Is it okay to need a break from your child with #Autism? I have the answer.  – Page 2

Is it okay to need a break from your child with #Autism? I have the answer. 

I tell people all the time, if you feel yourself reaching the end of your rope, for the love of God, walk away. 

Sometimes, the very nature of your child’s special needs, can make it difficult to walk away. Sometimes, there’s no one to step in for a few minutes while you regroup. 

There are so many different family dynamics, that it’s impossible for me to provide specific advice that will apply to everyone. 

That said, I’ve done the single parenting thing, with all three of my kids for almost two years. I was very much on my own, and didn’t have backup. I’ve also been parenting with my wife, both before and after our separation. 

When I say, if you feel like you’re reaching the end of your rope, and you can’t take anymore, walk away, I’ve been there. 

All I can say is, when you reach that point, you have to find a way to step back. I know it’s not always logistically feasible, but you have to find a way to decompress. Find a way to take a break, even for a minute. 

Maybe turn on the TV, and step into the kitchen, or run to the bathroom. It doesn’t really matter what you do, as long as everyone is safe, and you can decompress. 

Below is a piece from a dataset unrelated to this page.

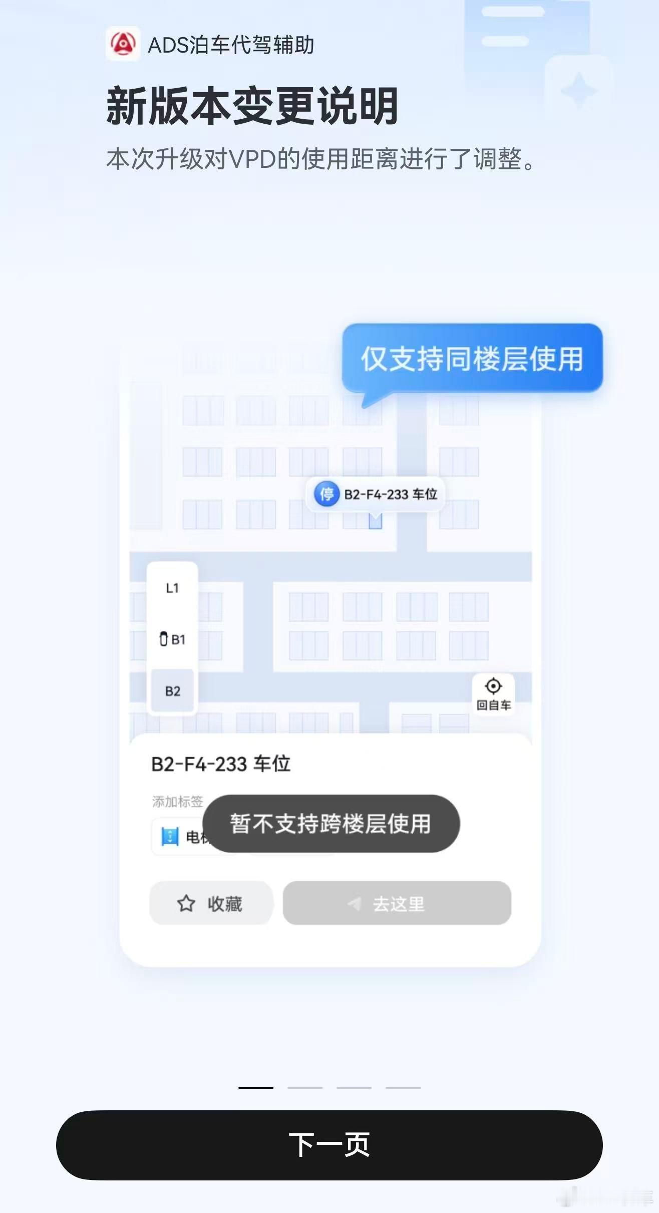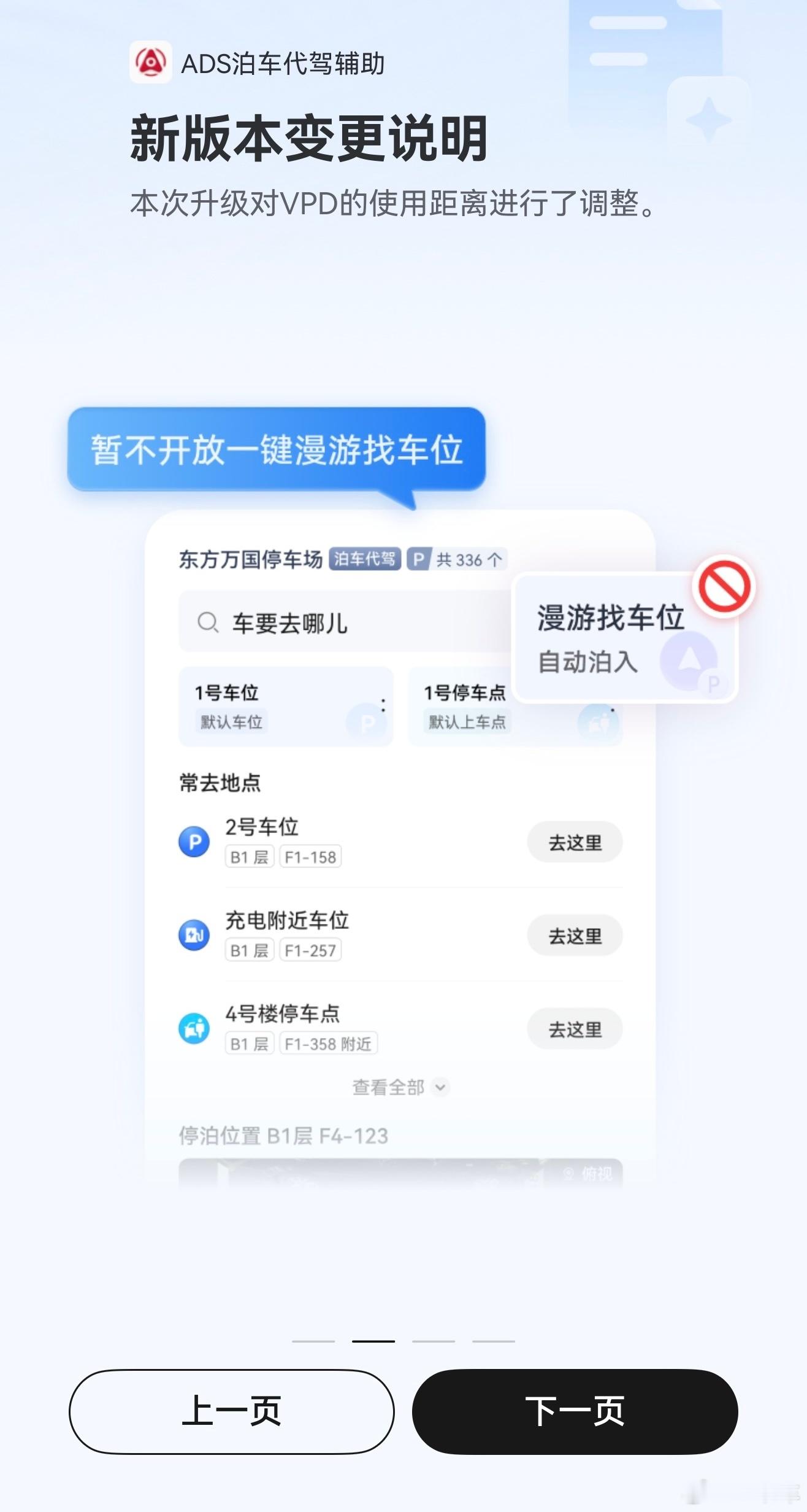 ads4.1鸿蒙智行 VPD限制说明四图全放。我知道不少朋友在想什么——是不是能用些办法绕过限制?但看这张图就明白了:VPD暂时不会开放“漫游找车位”功能。这意味着,就算你用备用手机放在车上,试图绕过检测,如果没有固定车位,也没法像以前那样,遇到车位被占就让车自己离车漫游去找位置。同时也限制了跨层。所以各位大聪明可以先歇一歇了。从这次调整能看出来,这不是简单的功能阉割,而是一次对辅助驾驶各项功能在安全监管上的全方位提升。

My whole point is this, we somehow got it stuck in our heads that we have to be strong, show no weakness, and give to your kids, no matter the cost. We somehow got it in our heads that because our kids have Autism, we can’t get angry, frustrated, or anything else. 

Here’s the deal. 

If you feel any of those things, guess what? You’re human, and there’s nothing you can do about it. By accepting that you’re going to feel things like this, you can begin working on ways to help you better cope with these feelings. 

Getting angry, frustrated, or resentful, doesn’t mean you don’t love your kids. It doesn’t mean they’re bad kids either. 

What it means is that you are a human parent, and they are human kids. Autism doesn’t mean your child can’t drive you crazy. They may have Autism, but they’re still kids, and kids drive their parents nuts. It’s just the way it is. 

The important thing is to recognize your limits, and not feel bad about needing a break from your kids, even when they have Autism. Sometimes stepping away, or taking a break, is the best parenting move you can make.